For detailed security guidance, see: Security Reference | Runtime & Network | Supply Chain & Compliance
Reliability Essentials
Pod Disruption Budgets
Create PDBs for every production workload with >1 replica:
| Workload | Recommended PDB |
|---|---|
| Stateless (3+ replicas) | minAvailable: "50%" |
| Stateful quorum (3) | maxUnavailable: 1 |
| Batch/job | maxUnavailable: "50%" |
| Singleton | No PDB (would block all disruptions) |
Health Probe Strategy
| Probe | Purpose | Key Rule |
|---|---|---|
| Startup | Wait for slow init | Use for apps >10s startup |
| Readiness | Traffic routing | ✅ Check dependencies here |
| Liveness | Detect deadlocks | ❌ Never check dependencies |
Critical rule: Liveness probes must NOT check external dependencies.
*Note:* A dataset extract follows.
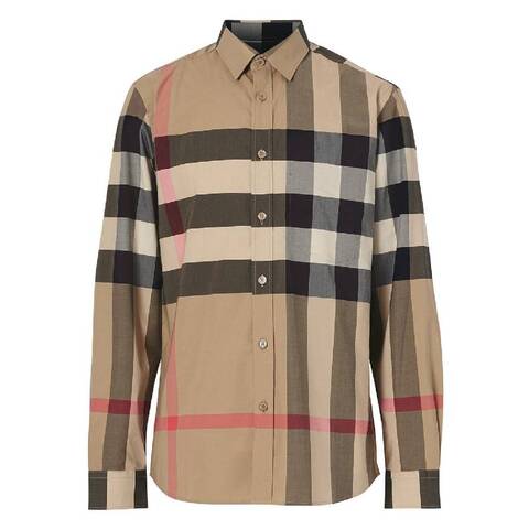 Burberry Mens Tops. Fashion category: Shirts & Blouses. SKU: 8010213. Color: Archive Beige Ip Chk. Burberry Somerton Vintage Check Casual Long Sleeve Shirt. This shirt features a check print, a pointed collar, a front button fastening, long sleeves, button cuffs, and a slim fit. Cotton 95%, Spandex/Elastane 5%.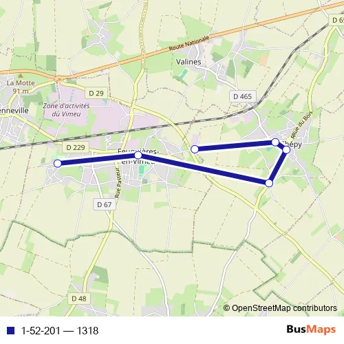 The first stop of the 1-52-201 bus route is Feuquieres-EN-Vimeu - Collège Segpa Gaston Vasseur and the last stop is Chepy - Les Hayettes. 1-52-201 (1318) is operational during tous les jours.

If the database goes down and liveness checks the DB, ALL pods restart — causing cascading failure.
Graceful Shutdown Pattern
spec:
terminationGracePeriodSeconds: 60
containers:
- lifecycle:
preStop:
exec:
command: ["/bin/sh", "-c", "sleep 15"]
Why sleep 15: Gives kube-proxy and load balancer time to remove the pod from traffic routing before SIGTERM.
Multi-AZ Distribution
topologySpreadConstraints:
- maxSkew: 1
topologyKey: topology.kubernetes.io/zone
whenUnsatisfiable: DoNotSchedule
For detailed reliability guidance, see: Reliability & Resiliency — Core (see also reliability-advanced.md for DR, deployment strategies, and large-cluster guidance)
Cluster Upgrade Strategy
Upgrade Sequence (Strict Order)
1. Control Plane → 2. EKS Add-ons → 3. Data Plane → 4. Custom Add-ons
Pre-Upgrade Checklist
- Check EKS Cluster Insights for upgrade readiness
- Scan for deprecated APIs (Pluto, kube-no-trouble)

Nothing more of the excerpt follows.